**Records supplied**

=-=-=

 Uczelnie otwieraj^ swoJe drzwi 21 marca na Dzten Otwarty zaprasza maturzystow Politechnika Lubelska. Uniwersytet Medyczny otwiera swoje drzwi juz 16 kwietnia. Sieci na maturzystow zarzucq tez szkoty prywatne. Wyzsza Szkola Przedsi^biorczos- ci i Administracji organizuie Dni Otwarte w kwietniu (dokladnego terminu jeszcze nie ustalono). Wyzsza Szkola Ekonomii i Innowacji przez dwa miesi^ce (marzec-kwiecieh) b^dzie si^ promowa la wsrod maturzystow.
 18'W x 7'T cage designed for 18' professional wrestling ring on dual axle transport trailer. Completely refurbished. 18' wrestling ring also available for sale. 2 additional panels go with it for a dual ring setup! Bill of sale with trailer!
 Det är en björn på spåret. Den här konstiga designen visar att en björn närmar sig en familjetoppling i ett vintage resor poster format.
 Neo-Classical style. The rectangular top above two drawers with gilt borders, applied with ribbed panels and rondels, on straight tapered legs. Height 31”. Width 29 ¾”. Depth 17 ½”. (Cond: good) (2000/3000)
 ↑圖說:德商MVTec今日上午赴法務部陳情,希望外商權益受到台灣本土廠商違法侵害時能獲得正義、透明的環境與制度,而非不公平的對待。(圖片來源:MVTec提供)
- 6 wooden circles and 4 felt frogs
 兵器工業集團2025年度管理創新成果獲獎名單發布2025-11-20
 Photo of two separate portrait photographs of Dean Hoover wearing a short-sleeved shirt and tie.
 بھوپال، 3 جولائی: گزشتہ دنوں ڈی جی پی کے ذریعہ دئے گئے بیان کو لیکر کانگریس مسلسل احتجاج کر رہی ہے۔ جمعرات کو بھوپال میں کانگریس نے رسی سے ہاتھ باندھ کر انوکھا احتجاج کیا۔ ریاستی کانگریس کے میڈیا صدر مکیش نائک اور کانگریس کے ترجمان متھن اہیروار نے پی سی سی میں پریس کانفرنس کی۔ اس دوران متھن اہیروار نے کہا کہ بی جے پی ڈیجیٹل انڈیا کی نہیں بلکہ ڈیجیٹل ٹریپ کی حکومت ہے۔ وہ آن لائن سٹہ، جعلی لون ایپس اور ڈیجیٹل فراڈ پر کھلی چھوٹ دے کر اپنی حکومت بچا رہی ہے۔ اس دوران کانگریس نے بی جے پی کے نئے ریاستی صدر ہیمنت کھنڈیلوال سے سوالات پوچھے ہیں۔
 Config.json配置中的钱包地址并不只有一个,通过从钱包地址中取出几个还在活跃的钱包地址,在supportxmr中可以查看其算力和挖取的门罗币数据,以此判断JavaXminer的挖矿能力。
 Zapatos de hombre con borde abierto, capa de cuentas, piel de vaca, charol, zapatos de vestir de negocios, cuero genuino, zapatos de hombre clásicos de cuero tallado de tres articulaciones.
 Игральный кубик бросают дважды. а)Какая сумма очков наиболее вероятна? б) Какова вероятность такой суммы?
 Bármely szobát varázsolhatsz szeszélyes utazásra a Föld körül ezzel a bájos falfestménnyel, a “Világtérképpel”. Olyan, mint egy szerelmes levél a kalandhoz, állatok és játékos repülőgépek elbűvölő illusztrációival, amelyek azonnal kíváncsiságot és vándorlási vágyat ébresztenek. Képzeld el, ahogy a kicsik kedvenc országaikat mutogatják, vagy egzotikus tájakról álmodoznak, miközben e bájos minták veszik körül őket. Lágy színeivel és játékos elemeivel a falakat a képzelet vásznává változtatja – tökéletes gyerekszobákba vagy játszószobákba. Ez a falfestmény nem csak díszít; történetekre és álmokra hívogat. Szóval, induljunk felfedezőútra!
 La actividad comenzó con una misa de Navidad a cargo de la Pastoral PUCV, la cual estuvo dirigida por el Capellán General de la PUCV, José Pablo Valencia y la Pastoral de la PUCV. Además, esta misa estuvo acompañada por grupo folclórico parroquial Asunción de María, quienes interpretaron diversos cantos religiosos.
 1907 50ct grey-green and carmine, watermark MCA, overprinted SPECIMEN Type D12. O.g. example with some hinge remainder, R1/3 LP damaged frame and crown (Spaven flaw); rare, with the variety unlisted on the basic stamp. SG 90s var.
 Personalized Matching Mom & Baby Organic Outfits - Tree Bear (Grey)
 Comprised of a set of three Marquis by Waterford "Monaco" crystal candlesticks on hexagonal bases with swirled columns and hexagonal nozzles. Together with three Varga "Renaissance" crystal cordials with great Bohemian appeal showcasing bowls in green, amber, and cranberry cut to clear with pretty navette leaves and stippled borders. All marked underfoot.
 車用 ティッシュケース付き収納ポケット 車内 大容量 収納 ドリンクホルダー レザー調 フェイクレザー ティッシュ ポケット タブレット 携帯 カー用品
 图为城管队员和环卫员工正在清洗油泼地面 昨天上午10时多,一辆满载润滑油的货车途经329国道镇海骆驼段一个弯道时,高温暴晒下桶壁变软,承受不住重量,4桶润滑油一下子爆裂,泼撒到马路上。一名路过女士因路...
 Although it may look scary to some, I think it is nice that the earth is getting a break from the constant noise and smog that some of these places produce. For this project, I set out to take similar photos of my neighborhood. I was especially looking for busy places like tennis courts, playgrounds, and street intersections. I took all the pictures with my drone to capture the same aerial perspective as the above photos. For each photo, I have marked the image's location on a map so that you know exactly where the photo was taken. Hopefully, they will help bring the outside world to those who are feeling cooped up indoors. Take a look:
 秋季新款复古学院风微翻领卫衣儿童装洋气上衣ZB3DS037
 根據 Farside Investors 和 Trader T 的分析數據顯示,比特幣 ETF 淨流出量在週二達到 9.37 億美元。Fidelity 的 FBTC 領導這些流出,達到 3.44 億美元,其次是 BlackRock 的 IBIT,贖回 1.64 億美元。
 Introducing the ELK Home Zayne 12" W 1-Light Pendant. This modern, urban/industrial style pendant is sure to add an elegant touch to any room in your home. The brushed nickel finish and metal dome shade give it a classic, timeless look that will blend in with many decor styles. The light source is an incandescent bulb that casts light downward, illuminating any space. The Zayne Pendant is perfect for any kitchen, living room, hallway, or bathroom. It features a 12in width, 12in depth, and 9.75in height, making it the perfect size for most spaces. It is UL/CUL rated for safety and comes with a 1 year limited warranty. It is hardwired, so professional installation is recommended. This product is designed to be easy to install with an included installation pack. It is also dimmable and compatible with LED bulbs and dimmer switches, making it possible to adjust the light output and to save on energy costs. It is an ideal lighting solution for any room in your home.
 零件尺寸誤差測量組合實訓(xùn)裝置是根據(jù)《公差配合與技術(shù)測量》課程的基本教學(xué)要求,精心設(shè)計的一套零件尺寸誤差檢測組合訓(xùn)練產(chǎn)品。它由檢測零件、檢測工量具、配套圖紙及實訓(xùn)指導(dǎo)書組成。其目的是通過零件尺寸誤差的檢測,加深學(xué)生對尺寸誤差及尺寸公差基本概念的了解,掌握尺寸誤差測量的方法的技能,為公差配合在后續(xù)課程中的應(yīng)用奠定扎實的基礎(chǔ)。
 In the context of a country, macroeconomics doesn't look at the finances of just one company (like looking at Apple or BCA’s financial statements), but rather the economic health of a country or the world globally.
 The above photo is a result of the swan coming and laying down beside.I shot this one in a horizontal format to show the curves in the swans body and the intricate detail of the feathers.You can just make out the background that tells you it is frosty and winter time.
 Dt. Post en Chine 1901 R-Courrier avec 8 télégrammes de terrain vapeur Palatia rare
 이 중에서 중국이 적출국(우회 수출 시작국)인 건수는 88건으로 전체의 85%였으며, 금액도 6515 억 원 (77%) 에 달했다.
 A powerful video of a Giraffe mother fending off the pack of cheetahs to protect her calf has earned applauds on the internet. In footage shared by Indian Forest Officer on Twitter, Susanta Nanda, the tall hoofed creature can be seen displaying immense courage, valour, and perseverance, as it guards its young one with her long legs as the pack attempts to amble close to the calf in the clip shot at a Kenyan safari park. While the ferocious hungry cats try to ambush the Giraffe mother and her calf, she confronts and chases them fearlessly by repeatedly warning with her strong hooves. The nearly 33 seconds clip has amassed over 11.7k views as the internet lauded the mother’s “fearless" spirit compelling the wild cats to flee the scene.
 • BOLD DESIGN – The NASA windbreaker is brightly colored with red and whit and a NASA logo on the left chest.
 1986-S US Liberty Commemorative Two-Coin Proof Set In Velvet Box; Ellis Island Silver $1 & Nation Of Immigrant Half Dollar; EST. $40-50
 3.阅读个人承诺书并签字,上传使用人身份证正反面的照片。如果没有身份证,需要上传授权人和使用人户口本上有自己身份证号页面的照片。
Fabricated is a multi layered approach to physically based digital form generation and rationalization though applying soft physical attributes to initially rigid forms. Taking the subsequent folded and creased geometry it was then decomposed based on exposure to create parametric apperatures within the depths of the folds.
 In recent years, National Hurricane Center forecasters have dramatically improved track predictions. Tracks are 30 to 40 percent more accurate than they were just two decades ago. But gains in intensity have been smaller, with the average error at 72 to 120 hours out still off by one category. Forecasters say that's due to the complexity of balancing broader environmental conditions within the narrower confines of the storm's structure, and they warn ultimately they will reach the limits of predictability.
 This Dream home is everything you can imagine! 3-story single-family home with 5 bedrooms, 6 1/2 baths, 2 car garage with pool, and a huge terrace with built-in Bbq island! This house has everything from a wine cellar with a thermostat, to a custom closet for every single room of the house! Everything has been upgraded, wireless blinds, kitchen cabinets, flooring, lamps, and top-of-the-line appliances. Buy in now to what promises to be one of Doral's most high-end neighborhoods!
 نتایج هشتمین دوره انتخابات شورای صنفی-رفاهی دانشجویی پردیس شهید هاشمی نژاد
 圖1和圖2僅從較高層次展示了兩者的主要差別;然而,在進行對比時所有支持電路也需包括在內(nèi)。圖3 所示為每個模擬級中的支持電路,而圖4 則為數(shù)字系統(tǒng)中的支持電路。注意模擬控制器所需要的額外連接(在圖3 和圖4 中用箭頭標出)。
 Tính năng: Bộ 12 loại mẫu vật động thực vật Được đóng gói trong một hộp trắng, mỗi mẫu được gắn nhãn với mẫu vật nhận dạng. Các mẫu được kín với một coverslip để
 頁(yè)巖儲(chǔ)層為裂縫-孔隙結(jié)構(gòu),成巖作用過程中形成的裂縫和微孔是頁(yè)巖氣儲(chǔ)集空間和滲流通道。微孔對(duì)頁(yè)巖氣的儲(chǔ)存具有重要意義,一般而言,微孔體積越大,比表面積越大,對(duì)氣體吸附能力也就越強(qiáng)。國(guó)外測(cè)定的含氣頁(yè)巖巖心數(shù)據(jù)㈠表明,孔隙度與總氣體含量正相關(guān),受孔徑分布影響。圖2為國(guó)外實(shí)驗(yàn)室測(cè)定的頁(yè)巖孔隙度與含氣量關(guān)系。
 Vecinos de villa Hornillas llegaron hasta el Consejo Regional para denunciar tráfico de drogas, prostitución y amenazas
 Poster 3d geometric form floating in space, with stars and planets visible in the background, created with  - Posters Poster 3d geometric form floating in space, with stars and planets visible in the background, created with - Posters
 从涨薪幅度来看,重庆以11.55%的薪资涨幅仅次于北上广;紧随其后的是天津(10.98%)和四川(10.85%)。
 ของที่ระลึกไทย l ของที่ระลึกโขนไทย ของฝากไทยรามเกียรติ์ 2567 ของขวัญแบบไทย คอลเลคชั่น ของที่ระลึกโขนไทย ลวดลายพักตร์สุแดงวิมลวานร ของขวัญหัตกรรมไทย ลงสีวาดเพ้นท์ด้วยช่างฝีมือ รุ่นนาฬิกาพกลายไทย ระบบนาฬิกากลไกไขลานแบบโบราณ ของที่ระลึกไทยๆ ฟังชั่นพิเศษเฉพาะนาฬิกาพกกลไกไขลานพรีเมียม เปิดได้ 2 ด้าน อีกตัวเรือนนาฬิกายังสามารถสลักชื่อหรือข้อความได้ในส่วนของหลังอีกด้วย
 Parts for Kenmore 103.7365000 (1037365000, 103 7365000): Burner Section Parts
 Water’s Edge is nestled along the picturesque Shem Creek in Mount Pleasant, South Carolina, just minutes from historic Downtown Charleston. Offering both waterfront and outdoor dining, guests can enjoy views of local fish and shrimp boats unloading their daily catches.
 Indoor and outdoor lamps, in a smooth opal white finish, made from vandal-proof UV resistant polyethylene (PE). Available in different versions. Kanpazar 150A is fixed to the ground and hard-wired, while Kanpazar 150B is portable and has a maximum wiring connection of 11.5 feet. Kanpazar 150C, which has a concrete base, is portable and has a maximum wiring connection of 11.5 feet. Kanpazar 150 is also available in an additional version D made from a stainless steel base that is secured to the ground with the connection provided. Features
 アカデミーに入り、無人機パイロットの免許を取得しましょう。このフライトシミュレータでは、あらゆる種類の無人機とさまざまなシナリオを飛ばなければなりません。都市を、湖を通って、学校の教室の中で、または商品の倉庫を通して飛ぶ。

=-=-=

**Aim of the exercise**
Output the material above exactly, but only from the line that carries "The above photo is" through the line that carries "이 중에서 중국이 적출국(우회".

**Expected answer**
 The above photo is a result of the swan coming and laying down beside.I shot this one in a horizontal format to show the curves in the swans body and the intricate detail of the feathers.You can just make out the background that tells you it is frosty and winter time.
 Dt. Post en Chine 1901 R-Courrier avec 8 télégrammes de terrain vapeur Palatia rare
 이 중에서 중국이 적출국(우회 수출 시작국)인 건수는 88건으로 전체의 85%였으며, 금액도 6515 억 원 (77%) 에 달했다.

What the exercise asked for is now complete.